# Requirement:
Exactly the lines from the one containing "Ткань средней плотности" through the one containing "19 volume bogat" in the listing below are to be copied, with the pictures left out.

# Dataset entries:
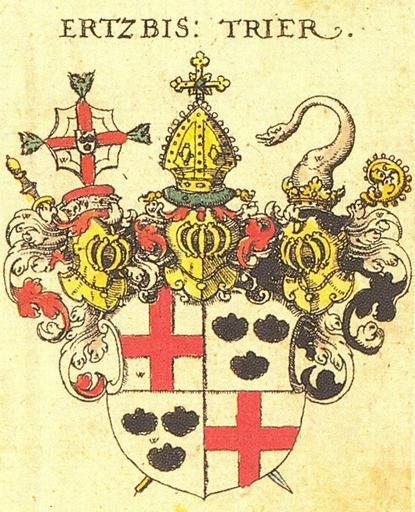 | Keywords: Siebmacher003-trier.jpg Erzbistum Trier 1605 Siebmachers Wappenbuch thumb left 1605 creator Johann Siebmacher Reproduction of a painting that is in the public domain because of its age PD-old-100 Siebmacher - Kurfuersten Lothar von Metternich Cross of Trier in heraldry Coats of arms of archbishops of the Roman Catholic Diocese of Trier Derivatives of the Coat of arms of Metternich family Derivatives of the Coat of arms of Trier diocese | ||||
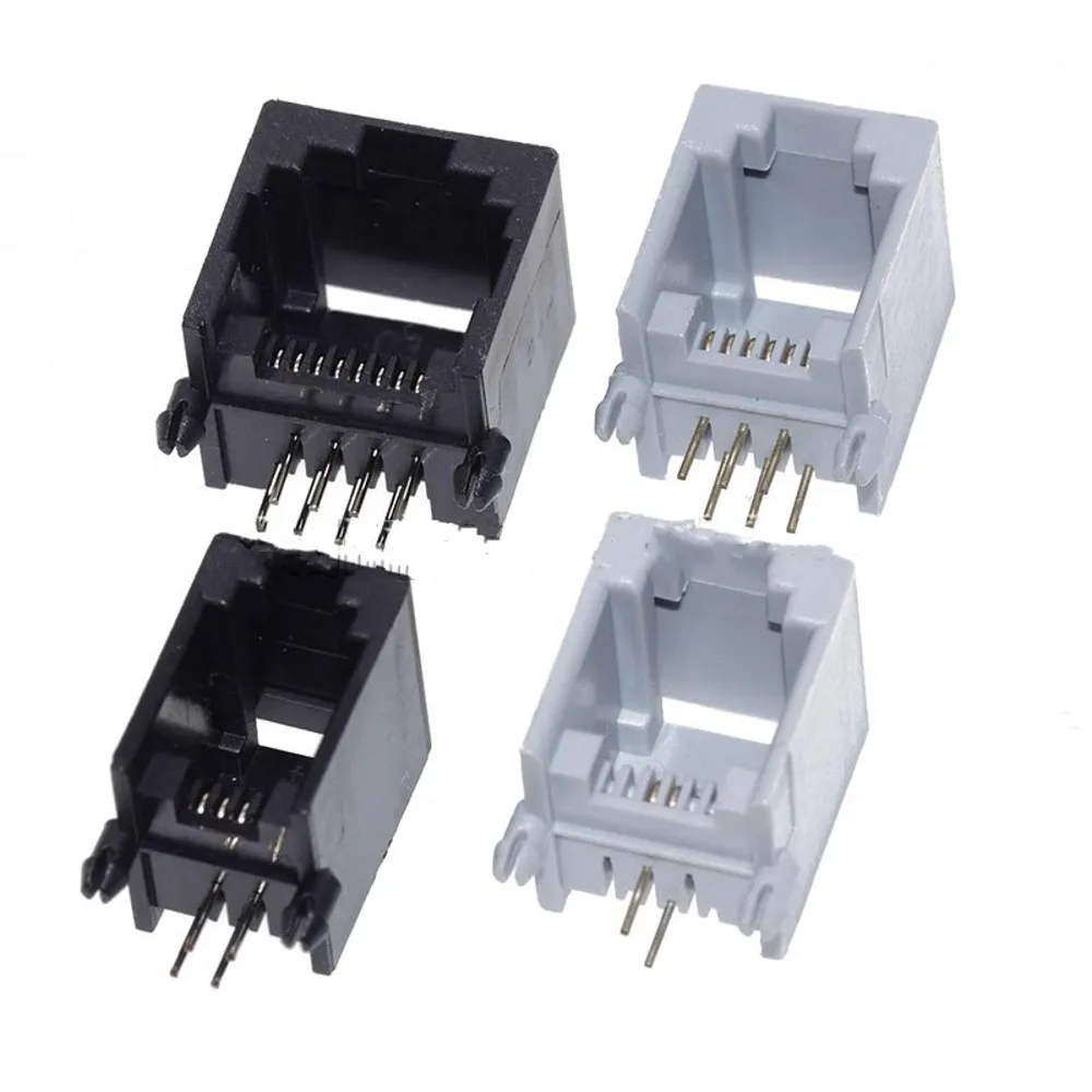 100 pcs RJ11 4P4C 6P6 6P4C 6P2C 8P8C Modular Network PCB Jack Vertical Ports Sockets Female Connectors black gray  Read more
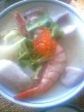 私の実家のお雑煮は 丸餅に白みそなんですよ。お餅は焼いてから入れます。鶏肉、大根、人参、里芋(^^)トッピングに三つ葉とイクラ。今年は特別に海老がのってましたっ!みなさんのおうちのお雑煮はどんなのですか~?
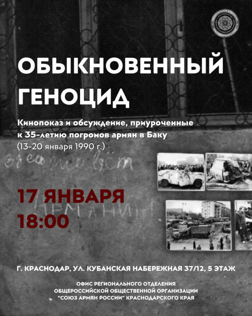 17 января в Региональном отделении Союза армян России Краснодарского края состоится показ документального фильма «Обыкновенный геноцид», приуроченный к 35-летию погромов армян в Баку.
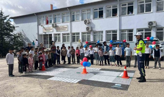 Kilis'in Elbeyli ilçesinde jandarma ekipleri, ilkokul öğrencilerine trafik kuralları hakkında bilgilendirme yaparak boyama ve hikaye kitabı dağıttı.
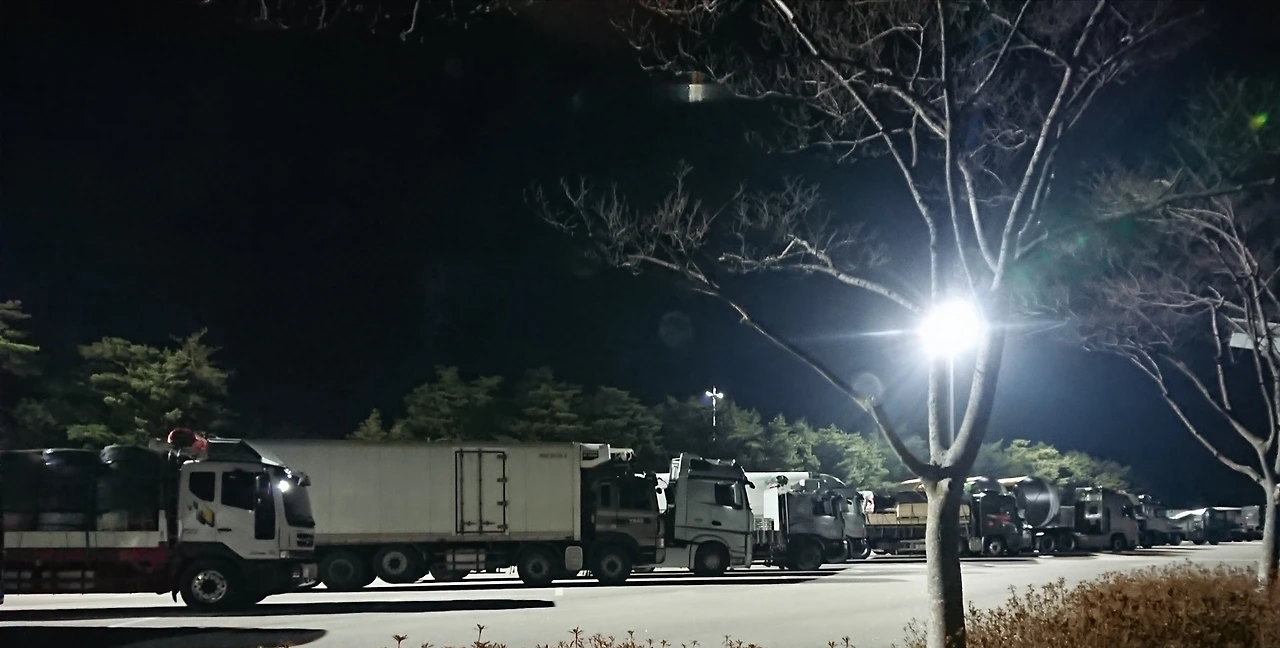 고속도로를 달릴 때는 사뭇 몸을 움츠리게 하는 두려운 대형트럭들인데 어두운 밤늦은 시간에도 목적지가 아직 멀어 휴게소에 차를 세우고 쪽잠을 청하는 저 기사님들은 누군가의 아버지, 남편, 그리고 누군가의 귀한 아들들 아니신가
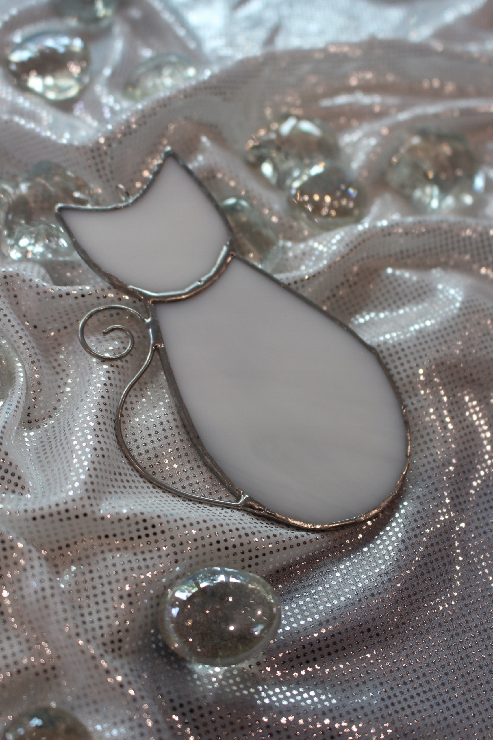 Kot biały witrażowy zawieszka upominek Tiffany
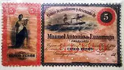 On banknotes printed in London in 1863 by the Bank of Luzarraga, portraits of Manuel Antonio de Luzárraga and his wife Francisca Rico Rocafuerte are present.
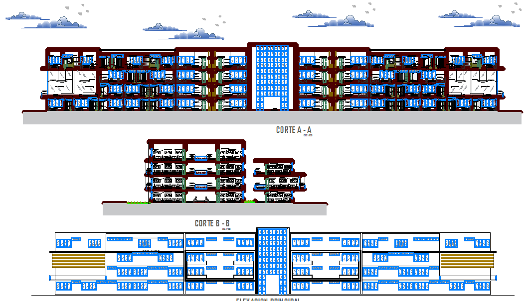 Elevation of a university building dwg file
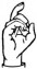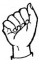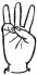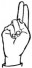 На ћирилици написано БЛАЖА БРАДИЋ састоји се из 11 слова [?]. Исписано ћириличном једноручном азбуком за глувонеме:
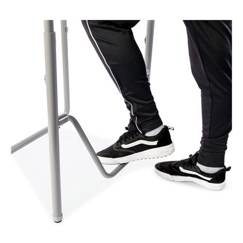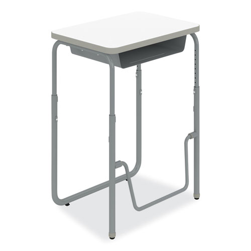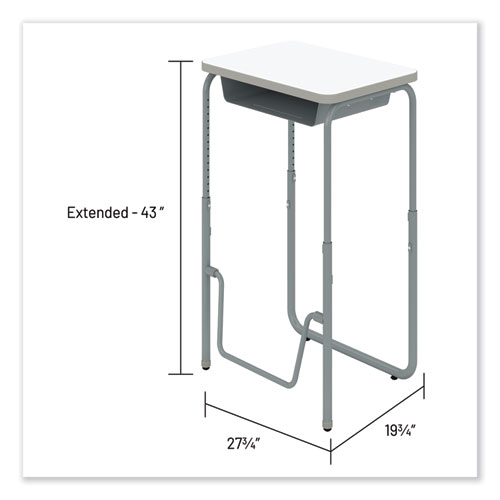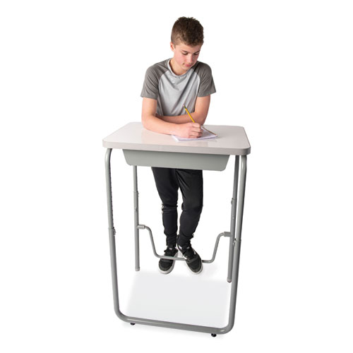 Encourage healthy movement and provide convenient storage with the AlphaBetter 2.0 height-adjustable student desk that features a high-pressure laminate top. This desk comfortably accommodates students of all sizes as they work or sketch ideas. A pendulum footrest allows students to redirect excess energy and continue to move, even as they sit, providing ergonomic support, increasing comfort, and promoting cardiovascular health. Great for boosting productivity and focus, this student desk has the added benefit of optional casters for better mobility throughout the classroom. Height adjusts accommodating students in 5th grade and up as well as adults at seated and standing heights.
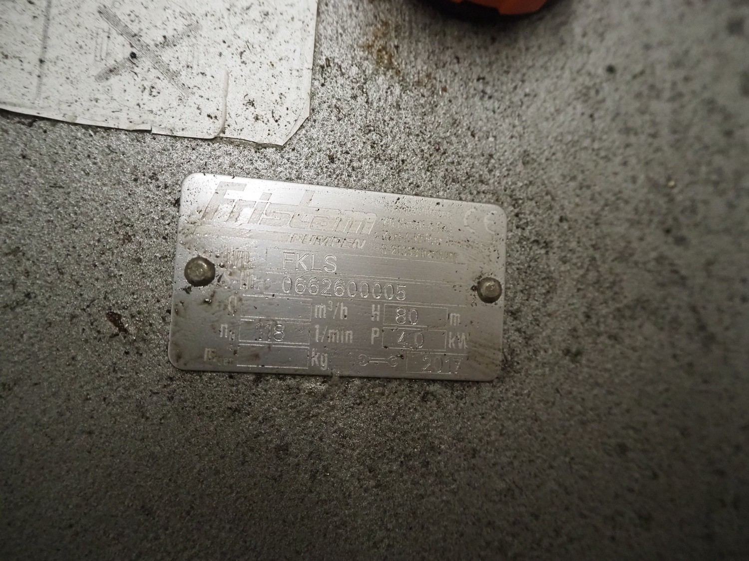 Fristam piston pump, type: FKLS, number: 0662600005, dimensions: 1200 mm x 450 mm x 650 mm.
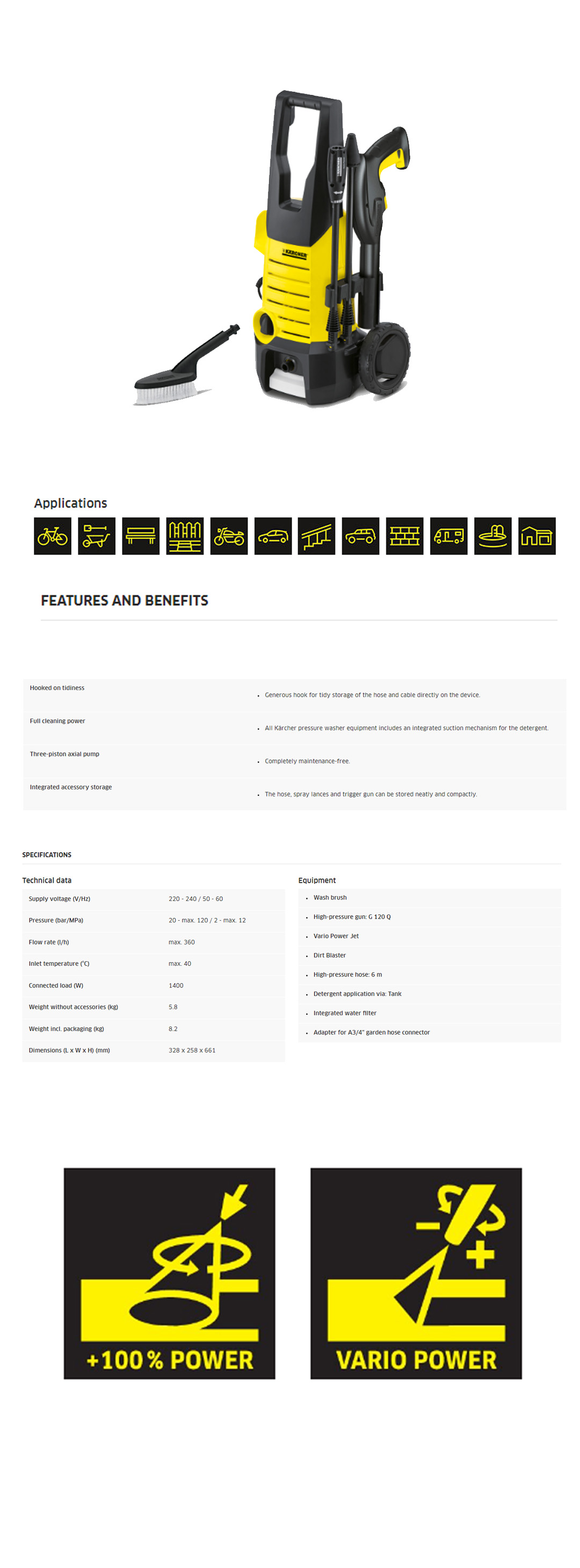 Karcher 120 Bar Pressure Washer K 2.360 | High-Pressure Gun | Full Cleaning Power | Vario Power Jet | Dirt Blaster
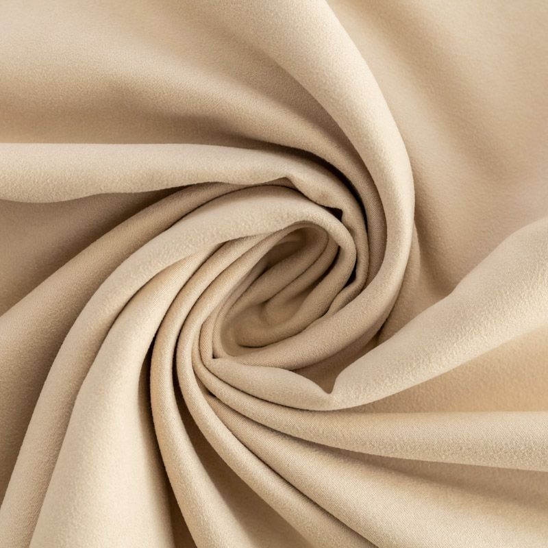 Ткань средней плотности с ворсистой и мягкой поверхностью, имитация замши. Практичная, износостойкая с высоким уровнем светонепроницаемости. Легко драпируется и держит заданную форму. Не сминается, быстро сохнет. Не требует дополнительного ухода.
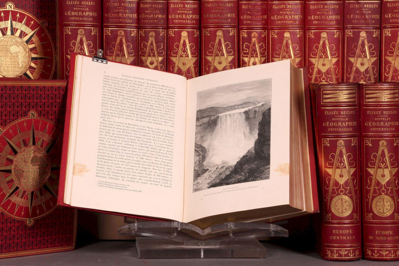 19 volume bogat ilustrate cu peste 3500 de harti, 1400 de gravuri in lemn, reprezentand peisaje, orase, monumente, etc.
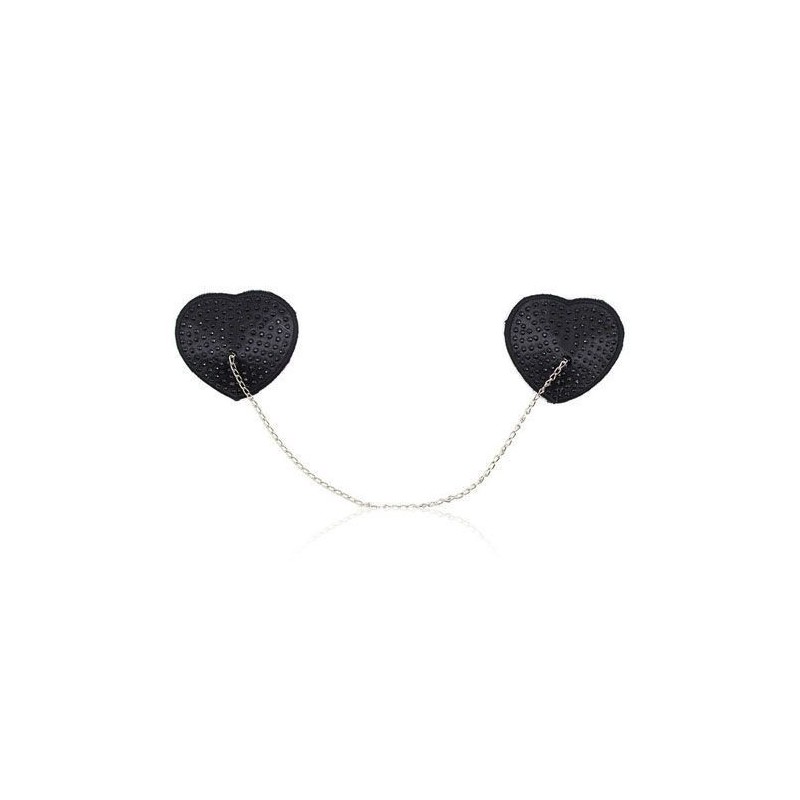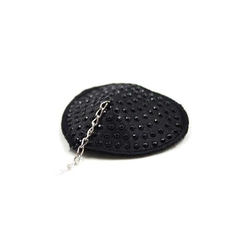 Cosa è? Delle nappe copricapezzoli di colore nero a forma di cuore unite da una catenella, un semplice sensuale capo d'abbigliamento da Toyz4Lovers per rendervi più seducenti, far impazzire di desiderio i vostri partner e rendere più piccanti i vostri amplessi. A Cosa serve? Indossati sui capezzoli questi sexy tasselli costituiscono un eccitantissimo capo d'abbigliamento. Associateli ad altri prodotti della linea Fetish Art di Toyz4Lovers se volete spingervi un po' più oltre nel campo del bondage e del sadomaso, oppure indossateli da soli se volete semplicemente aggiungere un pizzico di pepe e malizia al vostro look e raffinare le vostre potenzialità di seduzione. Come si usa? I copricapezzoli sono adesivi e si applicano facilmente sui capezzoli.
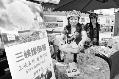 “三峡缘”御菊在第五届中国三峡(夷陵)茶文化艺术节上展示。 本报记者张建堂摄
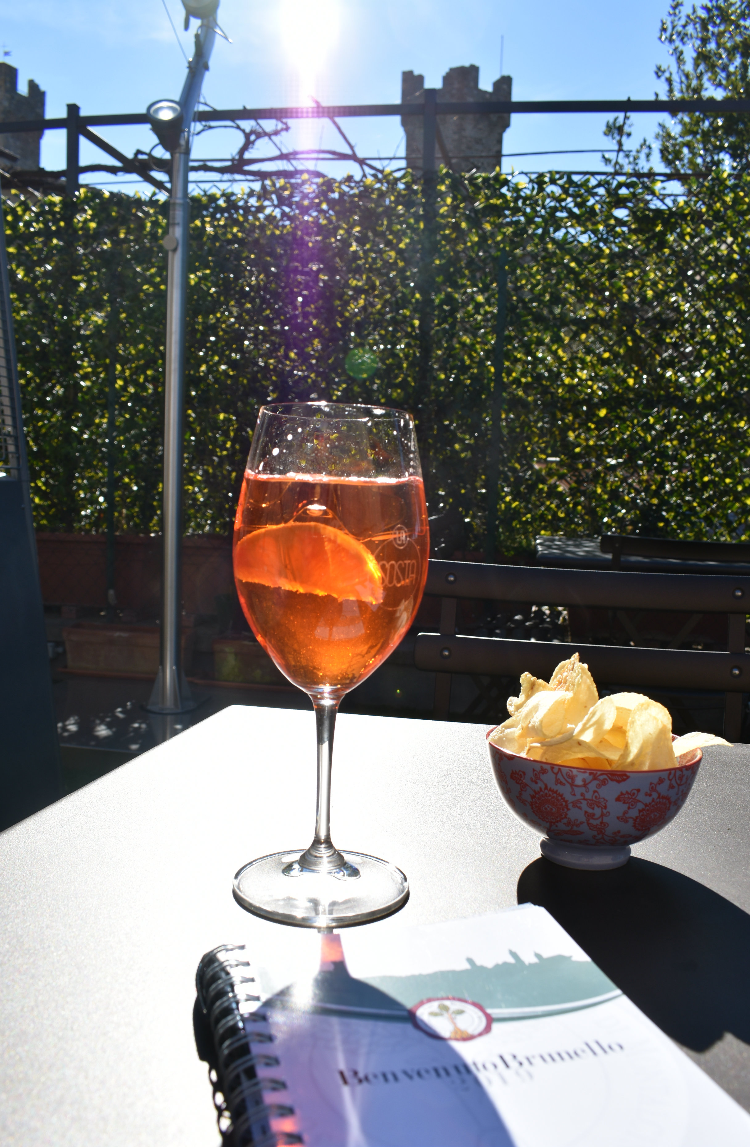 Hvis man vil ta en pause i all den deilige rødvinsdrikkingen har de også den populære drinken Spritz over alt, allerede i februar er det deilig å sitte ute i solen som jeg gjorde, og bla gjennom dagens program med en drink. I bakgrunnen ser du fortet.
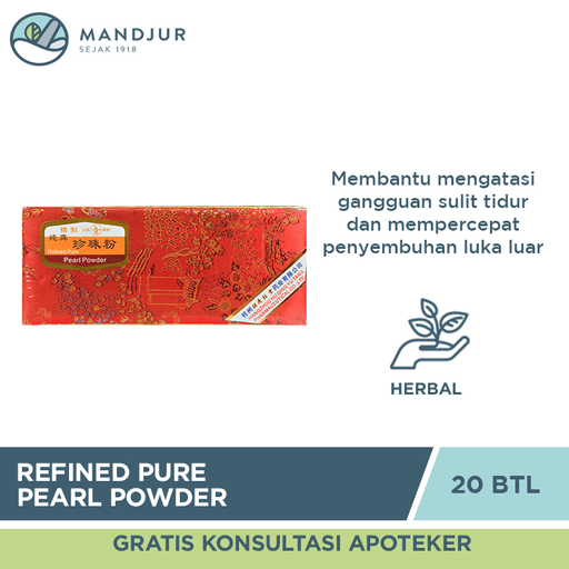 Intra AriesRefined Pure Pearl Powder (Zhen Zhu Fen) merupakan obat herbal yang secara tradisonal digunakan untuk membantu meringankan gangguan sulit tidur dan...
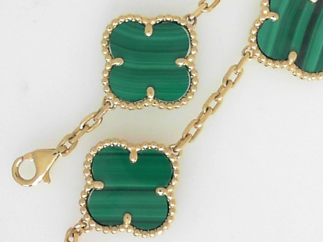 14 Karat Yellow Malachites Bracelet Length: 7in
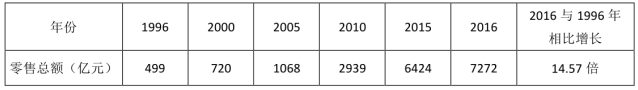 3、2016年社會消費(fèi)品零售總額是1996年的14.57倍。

# Written reply:
 Ткань средней плотности с ворсистой и мягкой поверхностью, имитация замши. Практичная, износостойкая с высоким уровнем светонепроницаемости. Легко драпируется и держит заданную форму. Не сминается, быстро сохнет. Не требует дополнительного ухода.
 19 volume bogat ilustrate cu peste 3500 de harti, 1400 de gravuri in lemn, reprezentand peisaje, orase, monumente, etc.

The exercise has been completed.